Once home, we completed and submitted the immigration paperwork for a fiance visa. In November of 2018, our petition was denied. The American embassy worker did not even look at the evidence of a "real" relationship that Abusua had to show him. He asked two questions and said, "No." We were crushed.

I should mention that throughout this relationship, we have fasted and prayed a great deal to know what Heavenly Father thought and thinks of Abusua and me being together. Without feeling that Heavenly Father approved, I would never have left the Phoenix Airport. Abusua is not a member of The Church of Jesus Christ of Latter-Day Saints, of which I am a member, but he is a faithful Christian who is given to much prayer and righteous living. I also want to mention that Abusua formally asked both of my children, Leslie and Thomas, if they minded if I married him. They said they didn't mind and look forward to having him here someday to be a part of their lives also.

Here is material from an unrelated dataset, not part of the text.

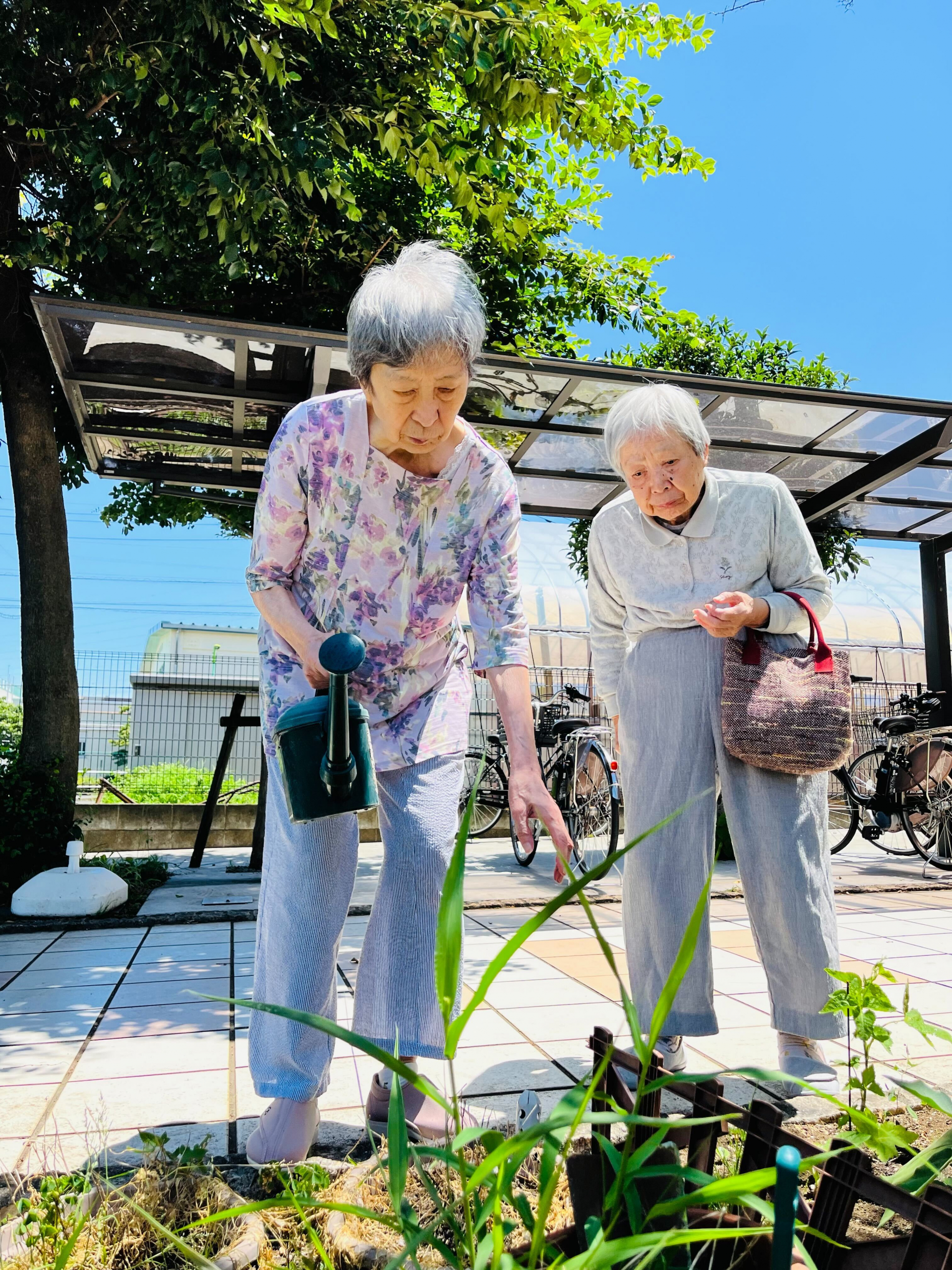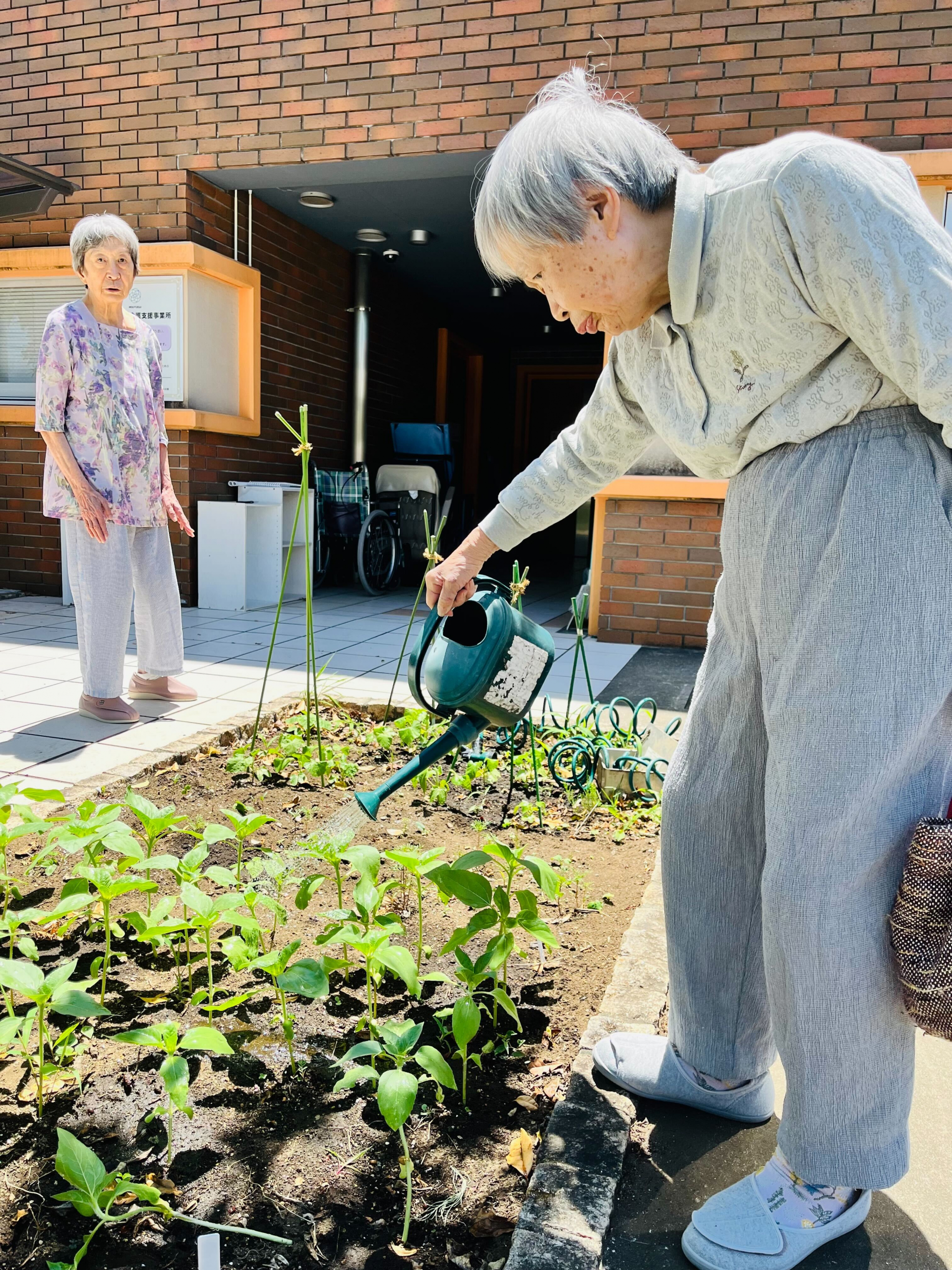 「暑いからだね」なんて話しながら丁寧に水やりをしてくれます。

Everyone has heard some sort of immigration story or has one to tell. And tell them, they did. It seems that being married might make it easier for him to get a visa. My second visit to Ghana was to get married. Prior to this, Abusua had started calling me "wife." I thought it was a little strange, but also kind of sweet. Come to find out, according to Ghanain law, we were already married. During one video call, my family, including my mother, were in the room. Abusua asked my mother if she approved of our relationship, and she answered, "Yes." In Ghana, an uncle is more important to a person than their own father is. Abusua's father is deceased, but his oldest uncle had also given consent. Under Ghanaian law, we were now married. (I did my own research, and it's true.) We had a civil service just like our marriages, and we also had a service in his village. The picture shows me in my wedding gown with Abusua's sister, Anna, beside me and his son, Abusua Jr., by her. The others are friends and village chiefs.

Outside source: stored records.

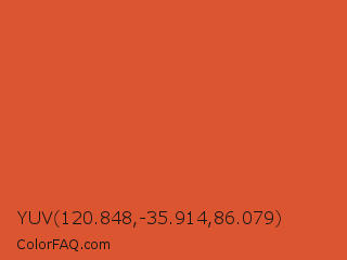 YUV 120.848,-35.914,86.079 Color is a normal red color and the nearest color is Flame Pea #da5b38. Hex code #db5530 and RGB value is rgb(219,85,48). In RGB color space, this color is composed of 86% red, 33% green, 19% blue, In CMYK color space, this color is composed of 0% cyan, 61% magenta, 78% yellow , 14% black , In HSL color space, this color has a hue angle of 13° , 70% saturation and 52% lightness.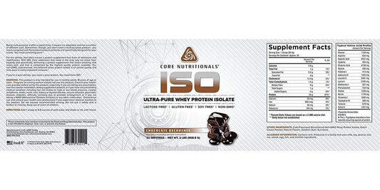 Core Nutritionals ISO, 100% Micro Filtered, Zero Artificial Fillers, 25g Whey Protein Isolate, 32 servings (Chocolate Decadence)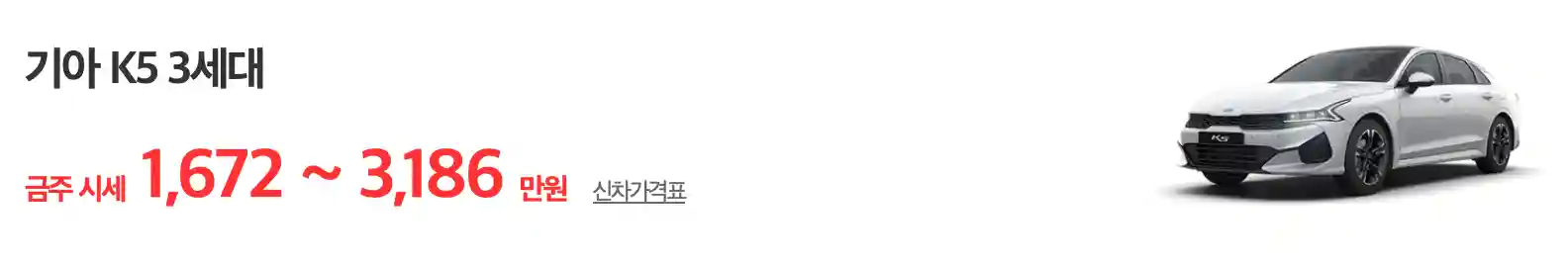 K5 3세대(19년~현재) : 1,672 ~ 3,186 만 원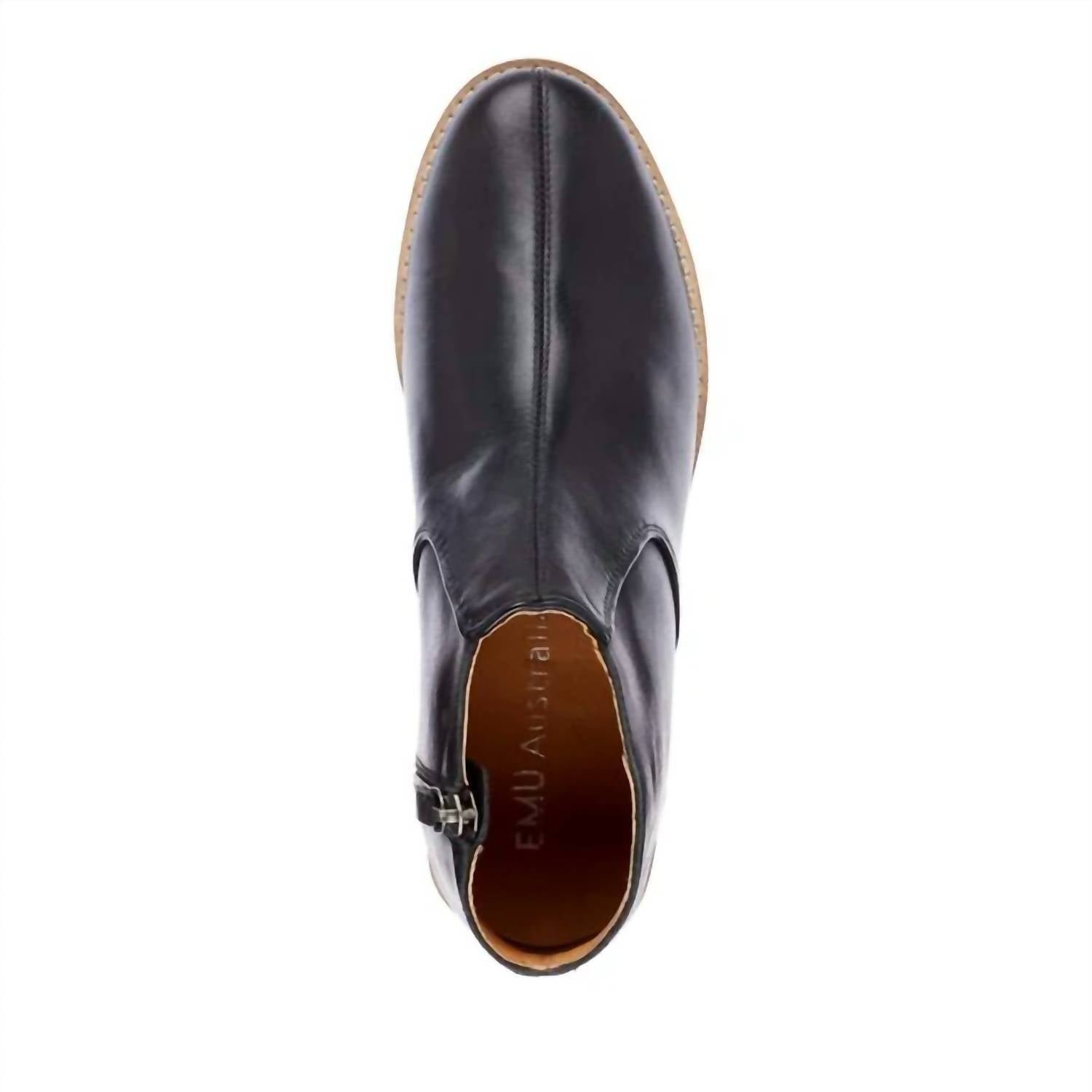 Say hello to the perfect, most versatile boot. The ankle height makes this style easily transition from day to night. Wear them with your favorite skinny jeans and tee for a more laid back look, or pair them with your favorite mini dress and jacket for a night out on the town.Introducing the Women’s Kingston Bootie by EMU Australia, a versatile addition to your ankle boot collection in classic black. Crafted from soft leather, these booties feature an almond toe shape and a flat heel measuring 0.59 inches, perfect for all-day wear. The convenient medial side zip closure ensures easy on-and-off, while the timeless style seamlessly transitions from day to night. Ideal for both casual and dressy occasions, they offer a supportive and comfortable fit for women seeking style and comfort.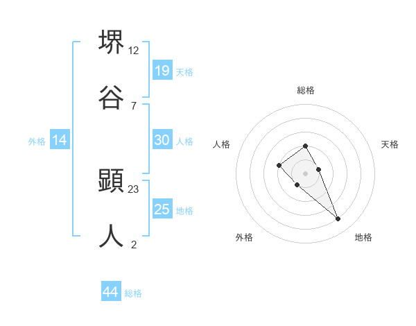 堺谷 顕人さんの総格は44画の2点!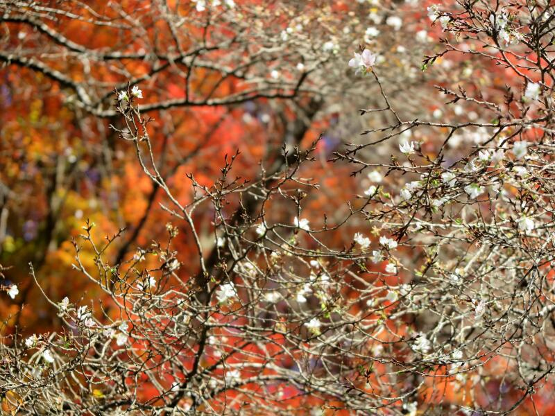 後醍醐天皇の足跡の一つに、後醍醐天皇にまつわる伝説のある「神代の四季桜」があり訪ねてきました。ここは、四季桜と紅葉の名所として知られ、丁度見ごろを迎えていました。

Once home, we completed and submitted the immigration paperwork for a spouse. We sent it all in and received an email saying that it was received and approved to that point. We then had to wait for another interview. At no time, does one actually speak to a person in immigration. They do not make that possible. If one inquires through email, one receives the same message that was sent the last time, and one is assured that we are in the queue and at some point will have an interview. They will notify us by email.

Enter COVID. No immigration. No travel. Just, "No." This also pushed back our place in the mysterious "queue" behind all those who were in front of us before the pandemic.

In March of this year, I was finally able to travel, and after almost three years without seeing each other, we got to spend three weeks together. It was glorious. Leaving was so very hard. (If you would like to see pictures of our time together, please go to my Facebook page which is public and scroll down a short way. I don't post that often. You can't miss Abusua's smile in my profile picture.)

And so we wait. Not especially patiently. Yes, I have contacted my Senator. So far, we have seen no results. And no, we won't just have him fly to Mexico and cross the border.

We do appreciate your prayers in our behalf.

Disclaimer: Abusua and I will continue to trust in the Lord's timing to bring us together.

Update: Abusua arrived in the US on May 2, 2023. At present, he is in Connecticut which is a long story I may tell at another time.